■ **Study material**
[Start of section]

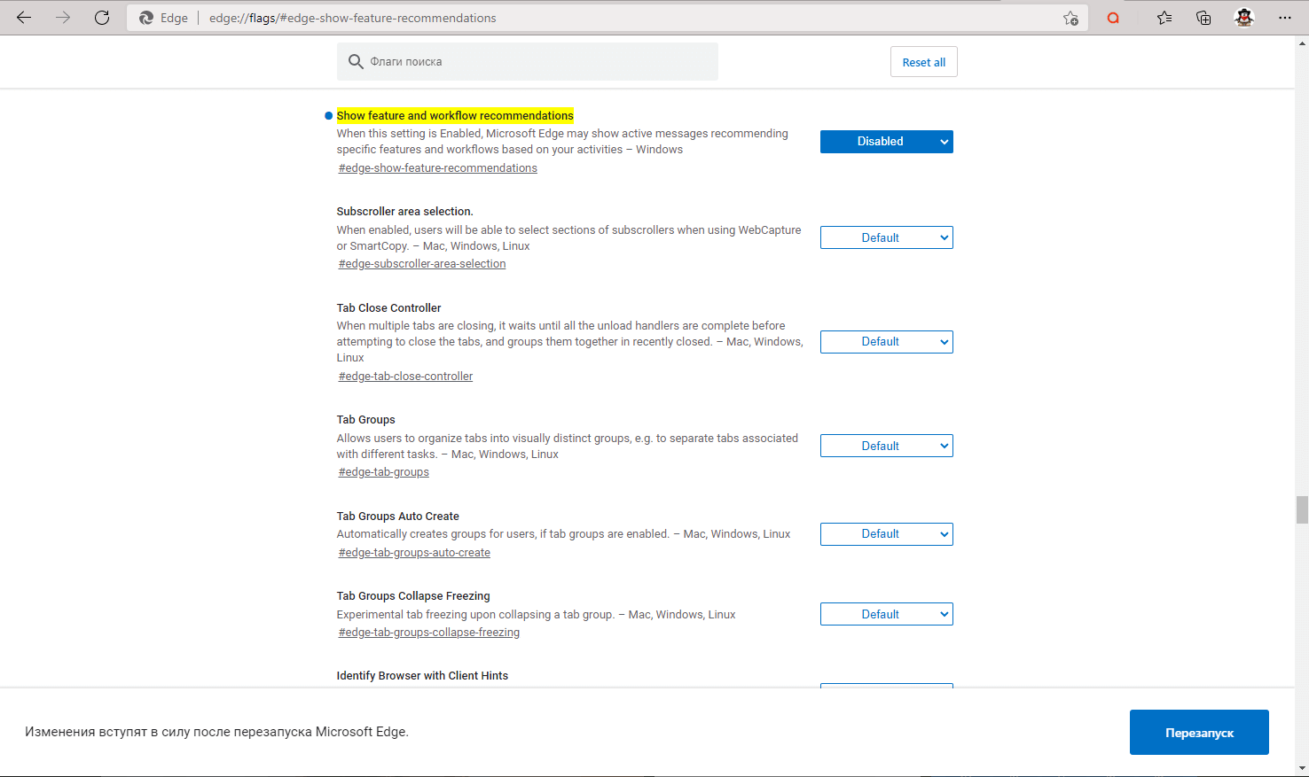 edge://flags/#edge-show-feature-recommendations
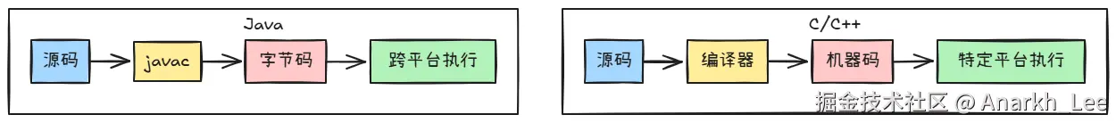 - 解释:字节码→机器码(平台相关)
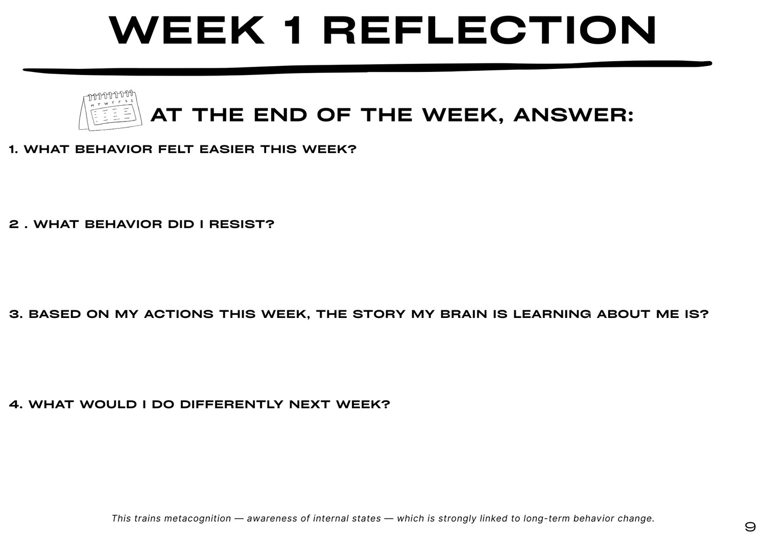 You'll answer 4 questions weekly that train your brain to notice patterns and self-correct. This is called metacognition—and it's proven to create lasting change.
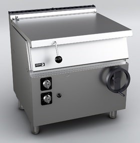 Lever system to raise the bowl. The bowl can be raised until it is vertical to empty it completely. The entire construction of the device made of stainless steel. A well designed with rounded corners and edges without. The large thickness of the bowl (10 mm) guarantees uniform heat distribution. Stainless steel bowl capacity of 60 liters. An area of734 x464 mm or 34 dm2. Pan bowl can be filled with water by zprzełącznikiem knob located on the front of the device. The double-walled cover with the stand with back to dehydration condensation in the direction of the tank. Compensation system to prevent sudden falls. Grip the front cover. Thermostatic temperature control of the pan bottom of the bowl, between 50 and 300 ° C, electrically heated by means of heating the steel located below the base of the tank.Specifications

[End of section]
[Start of section]

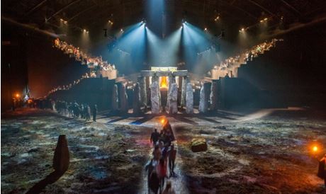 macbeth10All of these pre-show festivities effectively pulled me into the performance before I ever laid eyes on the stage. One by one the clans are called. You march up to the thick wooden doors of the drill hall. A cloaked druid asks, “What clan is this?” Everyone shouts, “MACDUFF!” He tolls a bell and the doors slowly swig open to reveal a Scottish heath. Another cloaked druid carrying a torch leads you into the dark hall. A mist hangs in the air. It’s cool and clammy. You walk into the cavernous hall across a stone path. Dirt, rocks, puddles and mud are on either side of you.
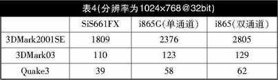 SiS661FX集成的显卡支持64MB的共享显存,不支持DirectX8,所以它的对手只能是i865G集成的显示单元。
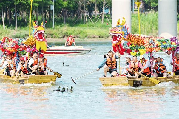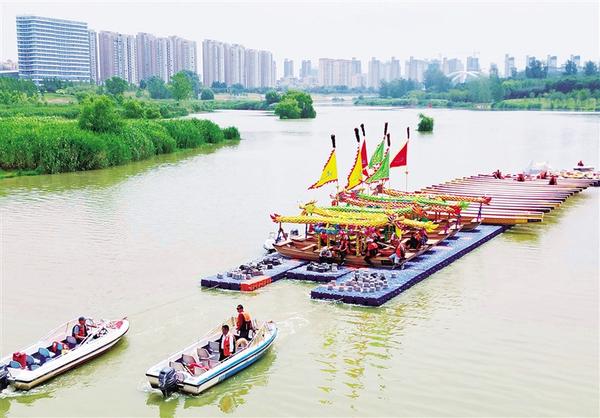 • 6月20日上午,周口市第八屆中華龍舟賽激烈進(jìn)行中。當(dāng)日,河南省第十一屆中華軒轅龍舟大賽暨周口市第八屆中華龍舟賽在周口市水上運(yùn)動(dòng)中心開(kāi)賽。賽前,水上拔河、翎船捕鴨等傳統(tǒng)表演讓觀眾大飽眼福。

[End of section]
[Start of section]

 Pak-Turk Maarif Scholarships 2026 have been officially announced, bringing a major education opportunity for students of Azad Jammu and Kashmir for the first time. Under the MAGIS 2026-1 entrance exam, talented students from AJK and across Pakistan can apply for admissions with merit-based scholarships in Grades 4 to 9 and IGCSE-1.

[End of section]

■ **Problem to work on**
Every line above between the one containing "edge://flags/#edge-show-feature-recommendations" and the one containing "Lever system to", those two included, is to be printed exactly. No pictures go into the copy.

■ **Answer to this exercise**
 edge://flags/#edge-show-feature-recommendations
 - 解释:字节码→机器码(平台相关)
 You'll answer 4 questions weekly that train your brain to notice patterns and self-correct. This is called metacognition—and it's proven to create lasting change.
 Lever system to raise the bowl. The bowl can be raised until it is vertical to empty it completely. The entire construction of the device made of stainless steel. A well designed with rounded corners and edges without. The large thickness of the bowl (10 mm) guarantees uniform heat distribution. Stainless steel bowl capacity of 60 liters. An area of734 x464 mm or 34 dm2. Pan bowl can be filled with water by zprzełącznikiem knob located on the front of the device. The double-walled cover with the stand with back to dehydration condensation in the direction of the tank. Compensation system to prevent sudden falls. Grip the front cover. Thermostatic temperature control of the pan bottom of the bowl, between 50 and 300 ° C, electrically heated by means of heating the steel located below the base of the tank.Specifications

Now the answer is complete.